A prática de se reprimir os sentimentos

Eu tive que crescer muito cedo e muito rápido e tenho certeza de que ninguém deveria ter que crescer assim. Bem diferente de alguns grupos de pessoas, meninas como eu, negras, têm que ser muito mais fortes e enfrentar situações que exigem muita maturidade emocional. Colocando em perspectiva, foram bem poucas vezes que alguém teve paciência de me explicar um processo de aprendizagem com calma e paciência, durante a minha infância.

Nos espaços em que eu passei, as figuras de autoridade, como professores, nem me consideravam como alguém com potencial para aprender, ou não tinham muito paciência e cuidado. Meus pais sempre tentaram me preparar para isso, do jeito deles, que era fazer de mim muito mais preparada que as outras crianças. Eu sabia me vestir, me alimentar, me limpar, eu sempre soube recolher minha própria bagunça e limpar minha sujeira. Meus pais me ensinaram tudo, até ser alfabetizada eu fui em casa. Quando eu chegava na escola, na igreja, no parque ou no passeio eu já chegava pronta.

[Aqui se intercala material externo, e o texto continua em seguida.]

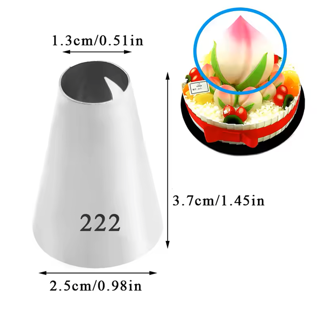 The 222 piping nozzle is designed to create leaf shapes, small petals, and bloom-style

Independência e autonomia são características bem fortes na minha personalidade, mas eu acho que isso me atrapalhou em desenvolver algumas habilidades que eu também gosto muito, como a capacidade de me colocar em um colo e receber cuidados quando preciso. Eu nunca fui muito tratada como criança. Nunca tive de verdade, o direito de errar na escola. Se eu errasse, nunca mais minhas professoras me dariam a chance de tentar, porque elas já começavam achando que eu não conseguiria. Se eu sentisse alguma dor física ou passasse mal, eu nunca contava. Eu não podia dar trabalho, eu já era mais trabalho do que as outras crianças, só por ser quem eu era e estar ali.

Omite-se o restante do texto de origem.